Testing the headlight range control switch
1. Remove the switch panel from the dashboard.
2. Disconnect the 5-pin connector from the switch.
3. Push the switch from behind the panel and remove it.
1. 5-PIN CONNECTOR
2. SWITCH PANEL
3. HEADLIGHT SWITCH
4. Not used
5. Not used
4. Measure the resistance between pins #1 and #3, then measure the resistance between pins #3 and #5 at positions 0,1,2 and 3 by moving the knob.
Between pins #1 and #3: About 4.7 kΩ
Between pins #3 and #5:
Handle position | 0 | 1 | 2 | 3 |
Resistance, kOhm (approximately) | 3,9 | 3,5 | 2,8 | 2,4 |
5. If resistance differs from specified, replace the switch.

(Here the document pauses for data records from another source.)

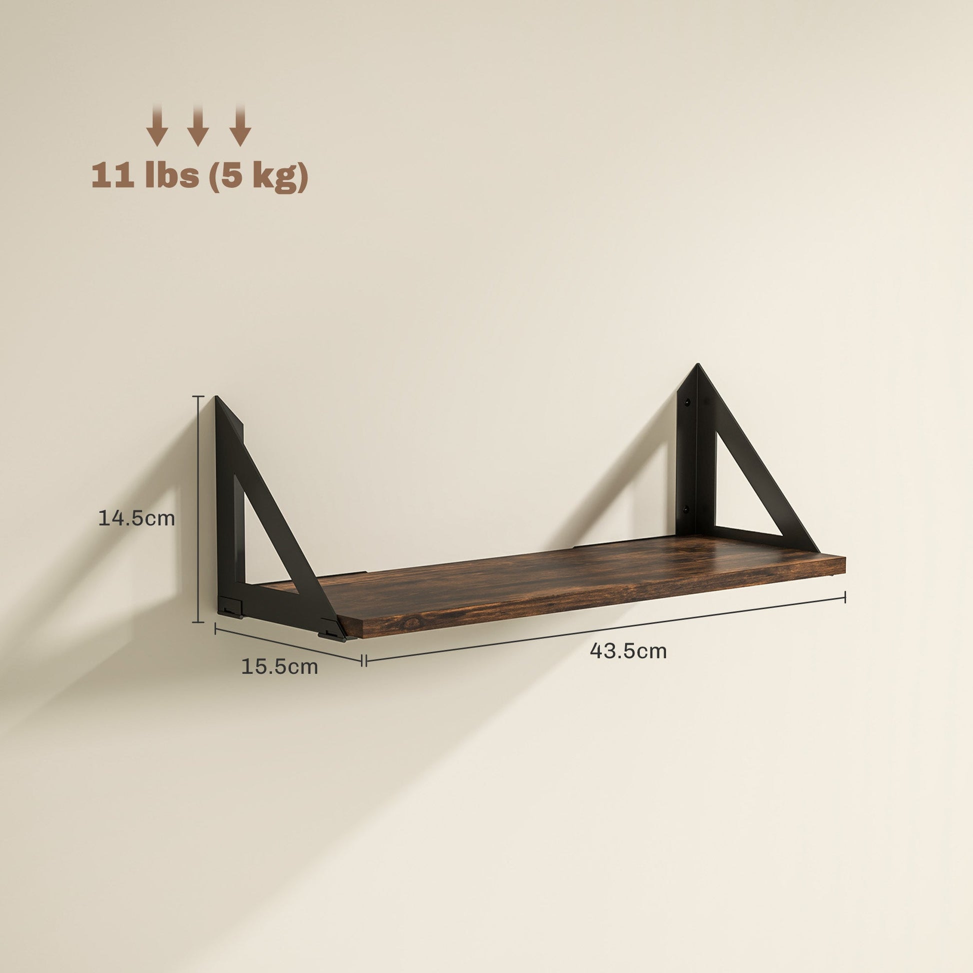 HOMCOM Set of 3 Wall Shelves, 43cm Vintage Wall Mounted Floating Shelves for Living Room, Entryway, Bedroom, Rustic Brown
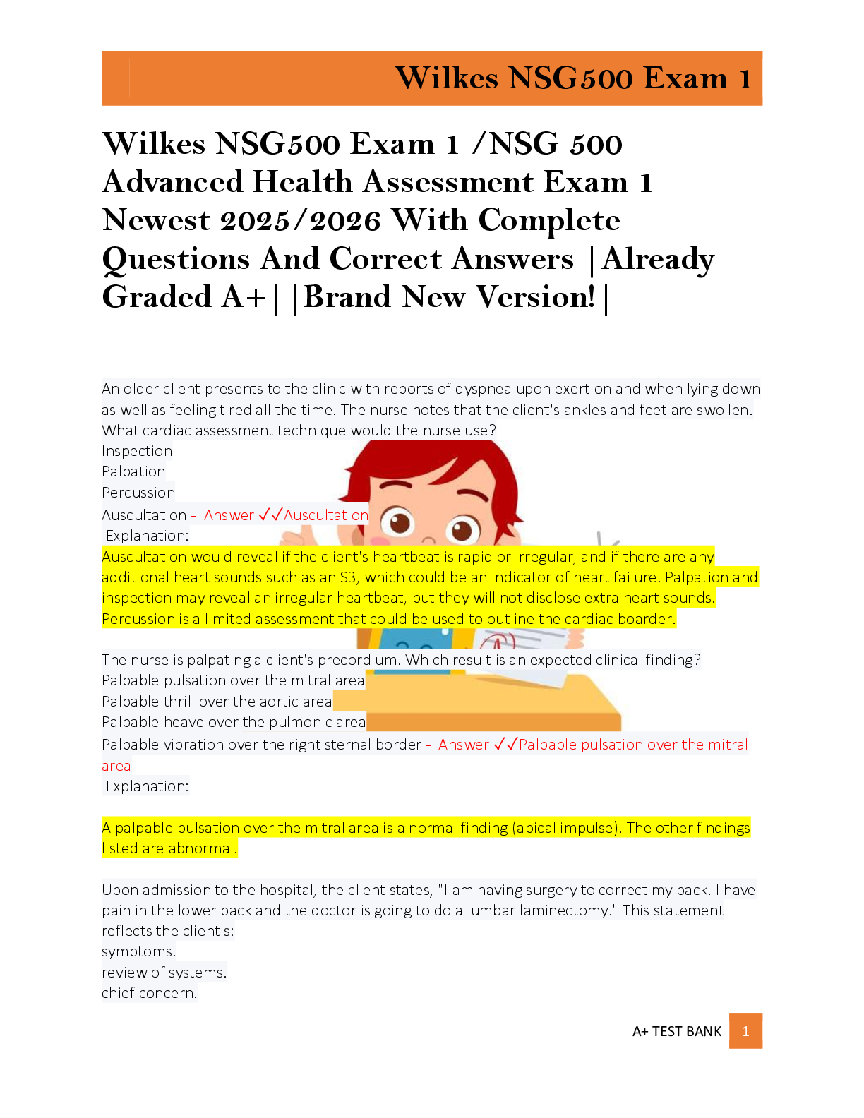 Wilkes NSG500 Exam 1 /NSG 500 Advanced Health Assessment Exam 1 Newest 2025/2026 With Complete Questions And Correct Answers |Already Graded A+||Brand New Version!|
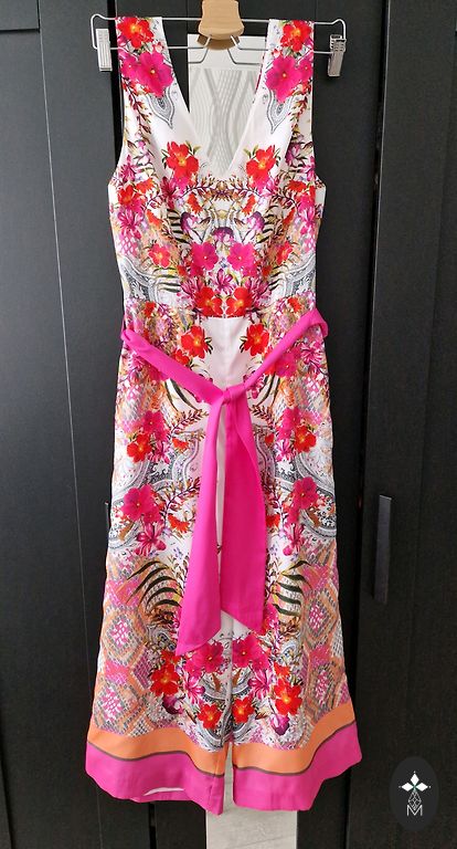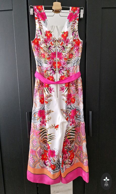 Длина 130 см, талия 84 см, грудь 90 см, бедра примерно 100 см, ширина внизу 23 см (это не окружность). Есть карманы. Плетеный пояс на модели не продается. В комплекте идет тканевый пояс, который сфотографирован на самом комбинезоне.
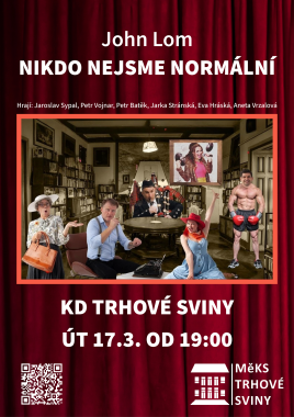 V úterý 17. března od 19 hodin bychom vás chtěli pozvat do KD T. Sviny na představení Nikdo nejsme normální. Komediální hit, vodopád neuvěřitelných situací, kterým se divácká bránice jen těžko ubrání. Roger, Belinda, Frenky, Carmen, Dustin a Gloria jsou zárukami skvěle prožitého večera. A jako třešnička na dortu zástupce umělé inteligence Kliford. Hrají: J. Sypal, P. Batěk, J. Stránská, A. Vrzalová, E. Hráská, P. Vojnar. Vstupné 380 Kč/350 Kč.
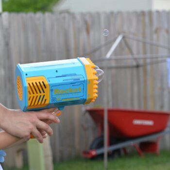 Love how it creates a ton of bubbles and is durable for long play sessions. The downside is that it doesn't hold the bubble liquid inside. You have to dip it in a larger bowl, then press the button. It creates a cluster of small bubbles.
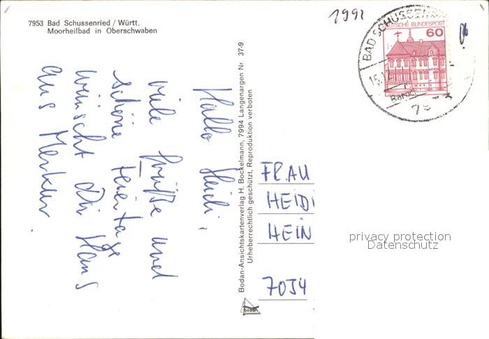 72522702 alte Postkarte Bad Schussenried Schwimmbad Stadttor Wasserspiele Kurpark Klosterhof postalisch gelaufen Erhaltung siehe scans KatCode: 11110008426014
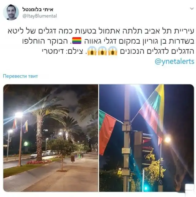 Во время подготовки к ЛГБТ-параду в Тель-Авиве развесили не те флаги
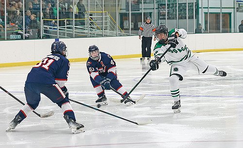 Shots were even at 27 apiece in the game and the Ice Hawks tacked on an empty-net goal with less than two minutes remaining as the Hodags made a desperation attempt to get back into the game.
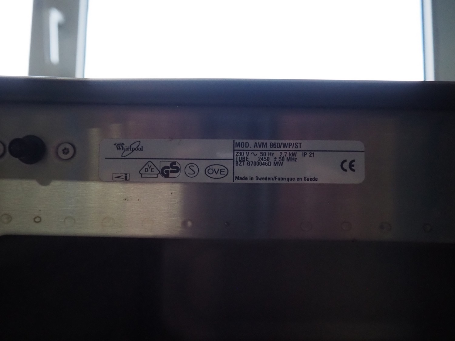 Whirlpool microwave, model: AVM 860/WP/ST, 230 V, 50 Hz, 2.7 kW, dimensions: 660 mm x 600 mm x 470 mm.
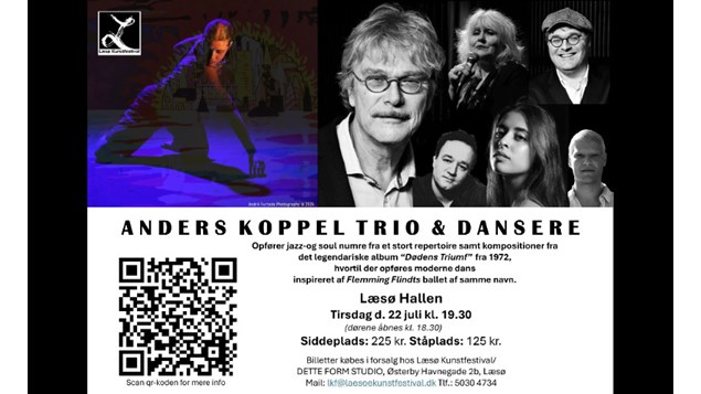 Musik og dans i perfekt harmoniAnders Koppel Trio vil fremføre en blanding af jazz- og soulnumre fra deres omfattende repertoire, samt kompositioner fra det ikoniske album "Dødens Triumf" fra 1972. Dansere vil opføre moderne dans inspireret af Flemming Flindts ballet af samme navn, hvilket skaber en uforglemmelig oplevelse af musik og bevægelse i perfekt harmoni.
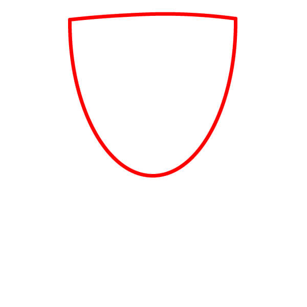 Dibuja el cuerpo principal del trofeo. Debe tener forma de escudo, con la parte superior plana y la inferior curva.
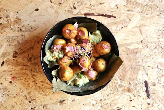 - Bravas. papitas criollas doraditas y crocanticas, bañadas con nuestra salsa brava de la casa, con ese picantico justo, servidas con tocineta crujiente y un toque de guacamole fresco.
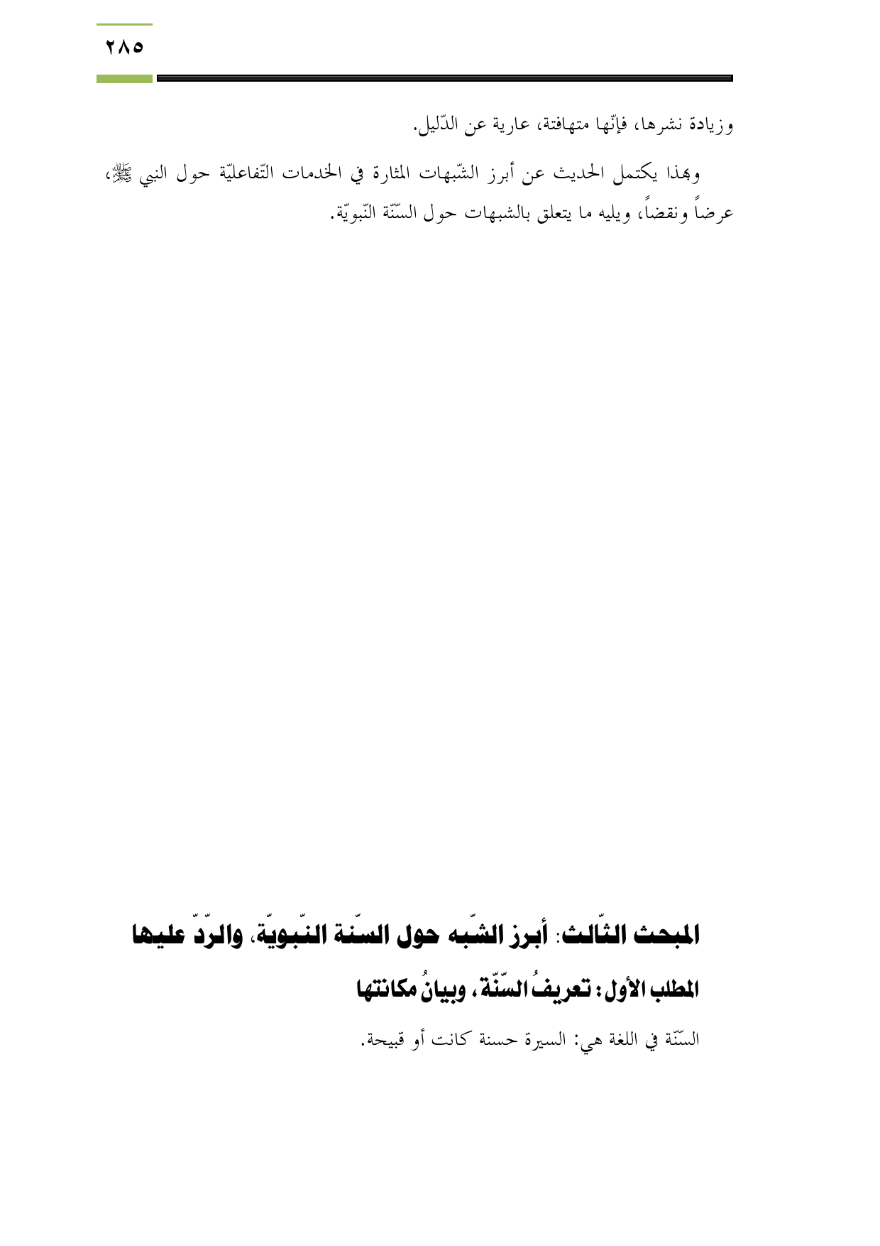 وبهذا يكتمل الحديث عن أبرز الشّبهات المثارة في الخدمات التّفاعليّة حول النبي - صلى الله عليه وسلم -، عرضاً ونقضاً، ويليه ما يتعلق بالشبهات حول السّنّة النّبويّة.
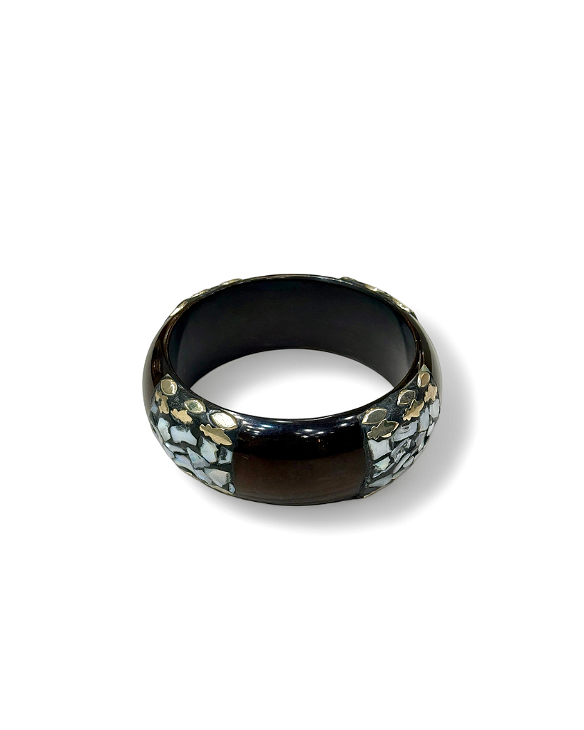 Um clássico com textura e brilho na medida certa. O Bracelete Médio Mosaico Marrom traz um corpo robusto em resina escura com acabamento polido e detalhes centrais em mosaico de madrepérola. A composição manual das pequenas peças cria um efeito iridescente e orgânico que reflete a luz de forma única. Uma peça que conversa com a estética artesanal sofisticada, ideal para quem busca elegância com presença.
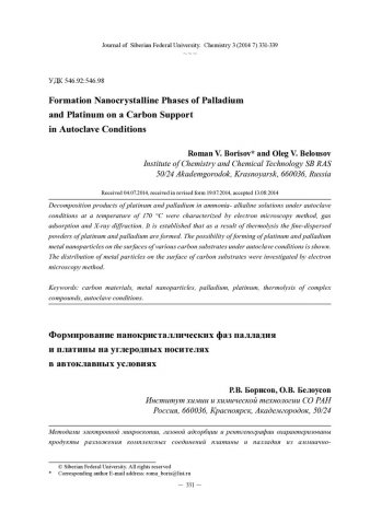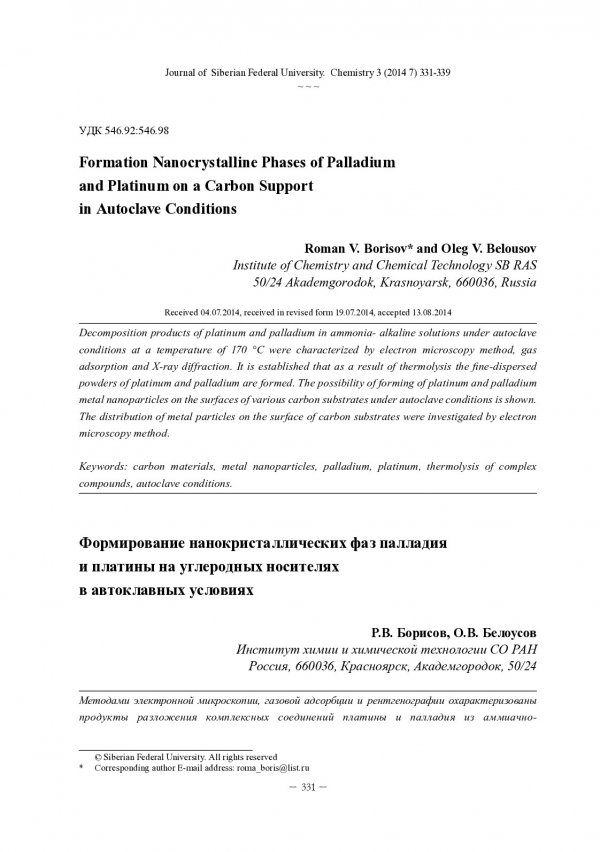 Библиографическое описание: Борисов, Р. В. Формирование нанокристаллических фаз палладия и платины на углеродных носителях в автоклавных условиях = Formation Nanocrystalline Phases of Palladium and Platinum on a Carbon Support in Autoclave Conditions / Р. В. Борисов, О. В. Белоусов. - Текст : непосредственный // Журнал Сибирского федерального университета. Химия. - 2014. - Т. 7, № 3. - С. 331-339 : ил. - Библиогр.: с. 338-339 (15 назв.). - ISSN 1998-2836.
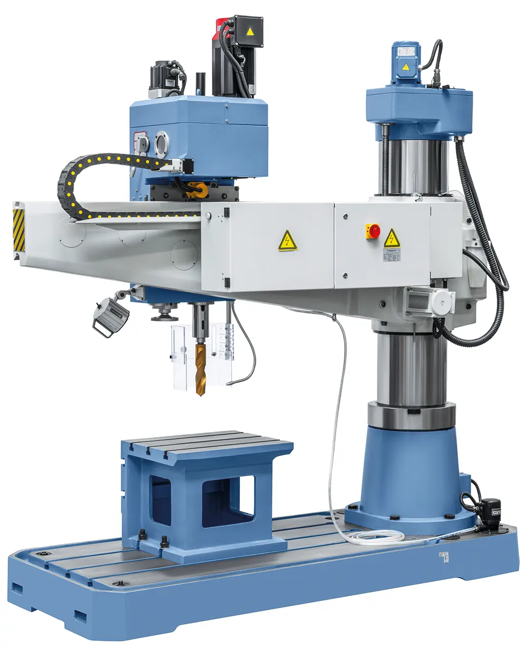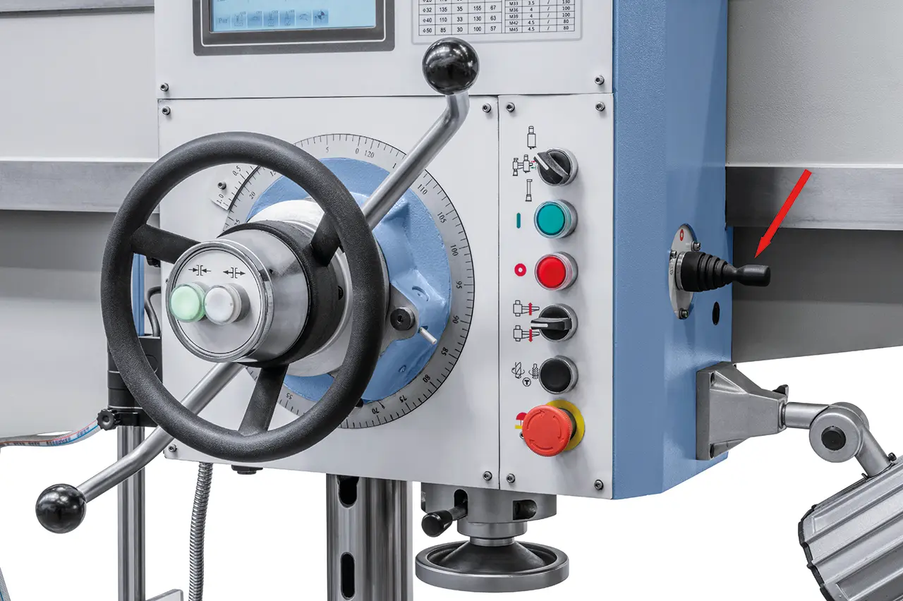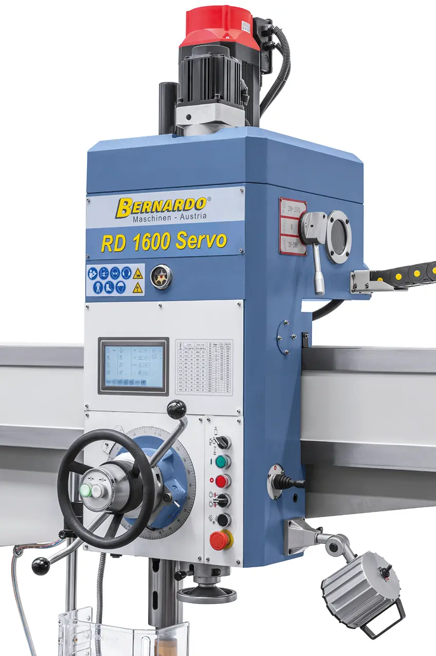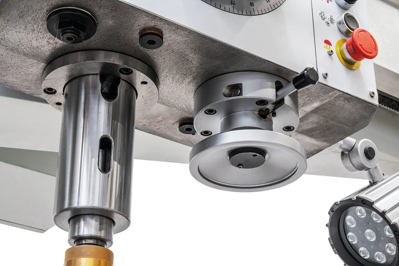 Snadné nastavení výšky ramene výložníku pomocí zdvihacího motoru, poloha vřetena zůstává nezměněna, ideální pro sériovou práci
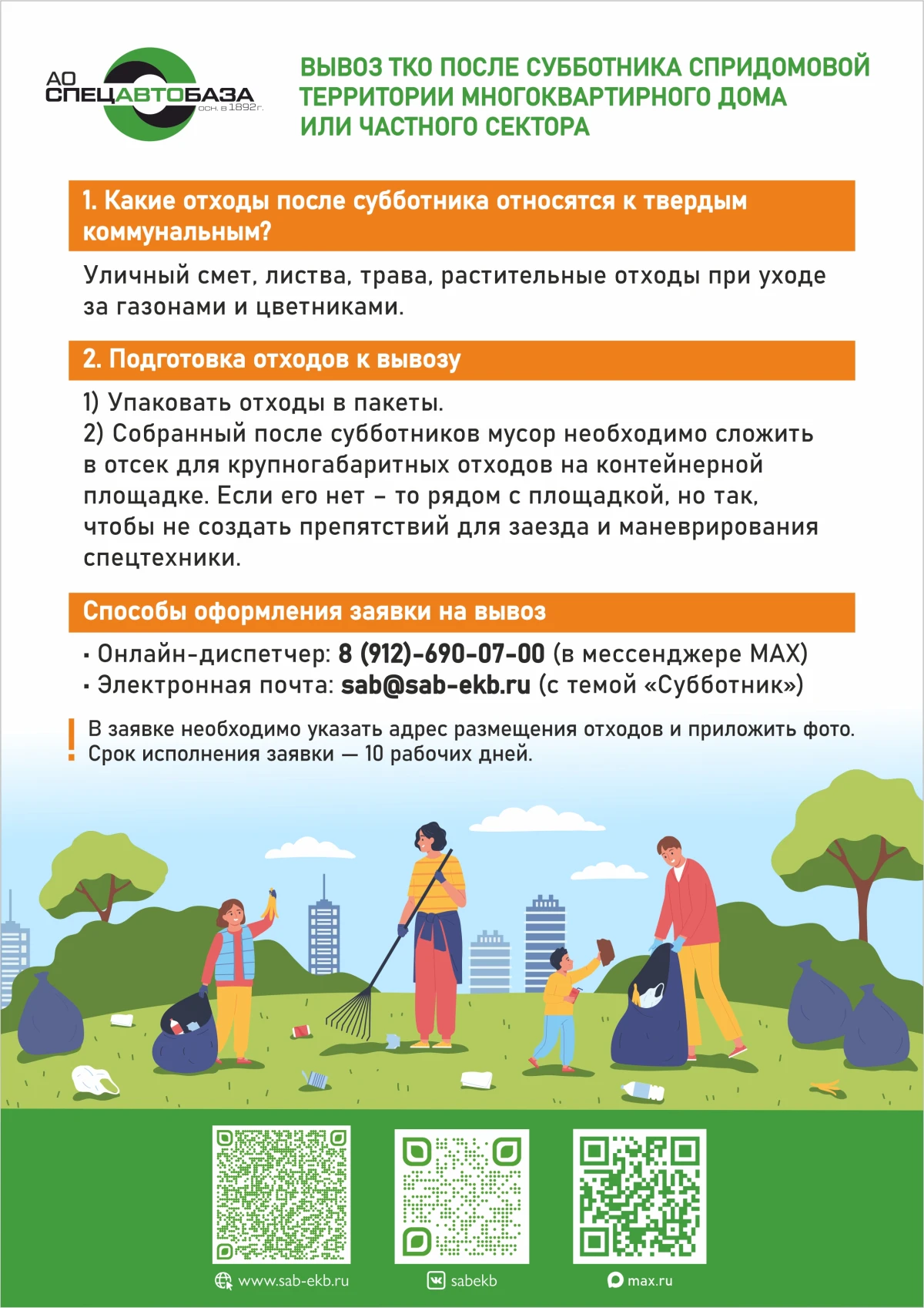 «Спецавтобаза» принимает заявки на вывоз твердых коммунальных отходов после весенних субботников
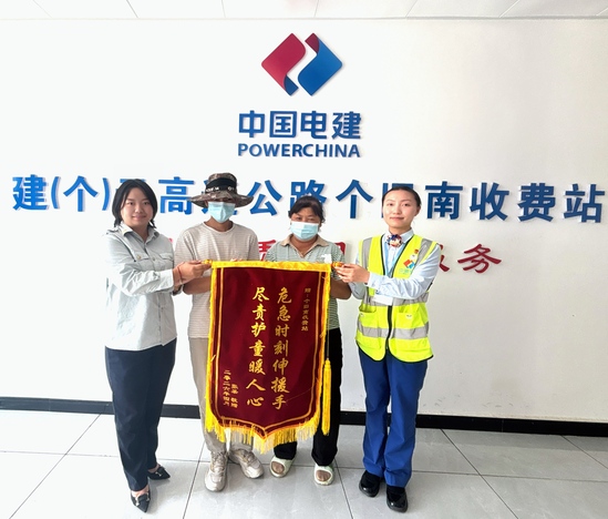 4月13日上午,中电建建(个)元高速运营管理部个旧南收费站收到一份特殊的致谢,当地村民专程来到收费站,将一面印有“危急时刻伸援手 尽责护童暖人心”的锦旗送到值班长手中,以最真挚的方式,感谢其此前及时出手救下两名幼童的暖心举动。

1. HEADLIGHT ELECTRIC CORRECT UNIT
2. 3-PIN CONNECTOR
3. BLACK AND YELLOW
4. BLACK
5. BLUE YELLOW
6. Connector «Mother» from the harness side
2. Check for continuity between pin #3 (BLACK WIRE) and mass. Conductivity should be
- If there is no continuity, check:
- Is there an open in the BLACK wire.
- Bad grounding (G201, G202, G301).
- If there is conductivity, go to p.Z.
3. Check the voltage between pin #1 (BLACK-YELLOW WIRE) and ground when the ignition key is in the ON position (II). There should be battery voltage.
- If there is no battery voltage, check for an open in the BLACK/YELLOW wire.
- If there is battery voltage, go to step 4.
4. Check for continuity between pin #2 (BLUE-YELLOW WIRE) and ground in all switch positions. Conductivity should be
- If there is no continuity, check:
- If there is continuity, go to step 5.
- Is there an open in the BLUE-YELLOW wire.
- Is the headlight dimmer switch OK?
- If there is conductivity, proceed to cp. 5.
5. If all checks show the norm, but the headlight electrocorrector does not work, check if it is frozen, stuck, if the headlight electrocorrector unit is installed correctly. If the mechanical part is normal, replace the headlight electric corrector unit.
6. After installation, recheck the system.